Personally, I feel that if you can own a home similar to what you would rent for only a couple of hundred dollars more, then it makes financial sense. Because, if you think about it, that couple of hundred extra is primarily mortgage principle. HOWEVER, the above is a very valid point about timing. 

One of the lady's in the debate made a statement that she rents a place for $2000/month but it would cost her $4000 to own. I think that's a heck of a stretch of reality, but she presents some good points otherwise.

There's no rush to owning a home, though I also feel that there is a risk to waiting too long to take the plunge. My first was a 2 bedroom condo, keeping in mind future growth of a family/wife I didn't have. It wasn't necessarily value to me at the time (though I did enjoy the extra space), but in the end, buying in that range did increase my return when I later sold.

What do I think about it? I think there is something about owning your own space. And contrary to what one of the debaters stated, I think that there is a valid stereotype to the average group of home owners and renters. The most important being that those who own, are more likely to take better care of the asset. This cascades into a better overall environment for the neighbours.


----------



## the-royal-mail (Dec 11, 2009)

The trouble with the GTA is many of the apartments are dumps. I searched hi and low for decent tower apartments that were close to my job on highway 10 and found nothing. Finding NICE condos wasn't easy either, but it was much easier than finding a decent apartment.

Living with your parents is not good if you ever want to bring home a woman. Better to have your own place with a place to park your car and a visitor's parking lot as well. And you need to be as close to work as possible. Getting to/from work in the GTA is a huge hassle. Live as close as possible. I ended up 2KM from work. Perfect. No car. Walk. Saved a ton of money.


----------



## Potato (Apr 3, 2009)

loggedout said:


> What factors would you consider in choosing between renting and owning your living quarters?
> 
> How would you go about analyzing the financial pros & cons? In particular, how would you run the numbers?

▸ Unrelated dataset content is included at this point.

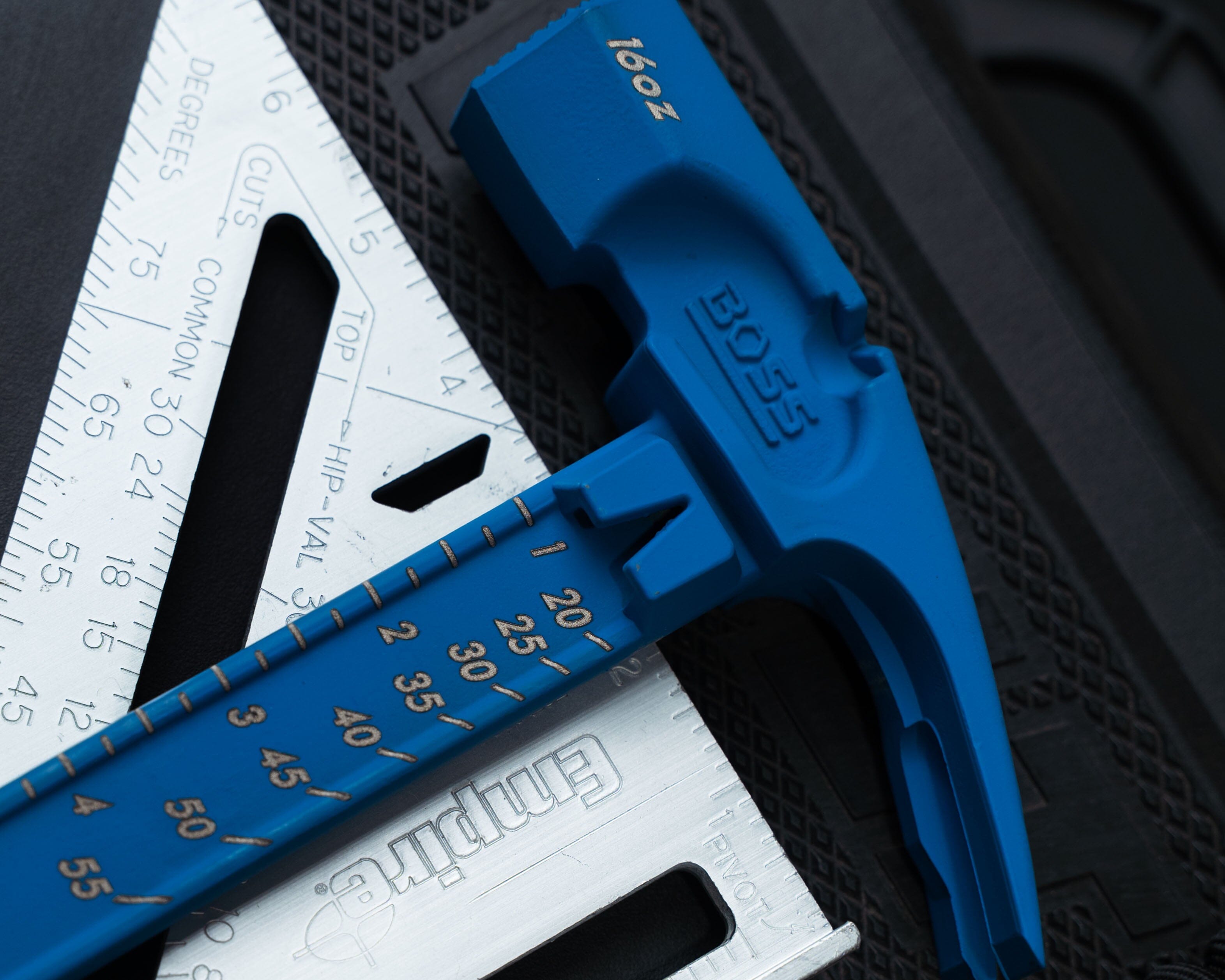 - SQUARE ONE: Quickly mark angle cuts or rafter pitches with a pivot of the hammer.

Here's a post of mine on one way to look at it.

I don't have time now to go into a full-on rant, but some bullet points of what to consider:

- What you want to live in (there are detached houses out there for rent, but are rarer than condos/apartments, which are plenty available).
- Your financial discipline (I consider the "forced savings" of paying off a mortgage to be the worst reason for buying a house, but if you need to be threatened with homelessness to end up with money left in your bank account at the end of the month, then there it is).
- Whether you extract joy from home maintenance, or would you rather call your landlord to deal with issues.
- How mobile you want to be.
- Whether you want to be a real estate speculator.
- Whether you need a highly-customized space (you can always paint and decorate a rental, but if you need a sound-insulated recording room for your band to jam in...)

I look at rent multiple in the blog post as a shortcut for analyzing the financial pros & cons. If you want to work it out long-hand, I recommend adding up all the costs of living somewhere for the term you're thinking of living there (e.g., 5 years).

Rent side costs:
Rent, tenant's insurance, utilities if appl. Rent will go up over time, likely less than 2%/yr though.

Buy side costs:
Mortgage interest, opportunity cost of down payment (as a shortcut, I like to use the same %age for both, and then just apply that % to the whole purchase price of the house). Note that I'm not counting the principal repayment part of the mortgage as an expense, but it will be a cash flow issue.
Property taxes, homeowner's insurance (will be much more than tenant's insurance), maintenance/repairs, utilities, condo fees if appl., and finally, transaction costs (land transfer taxes, broker fees, lawyer fees, etc).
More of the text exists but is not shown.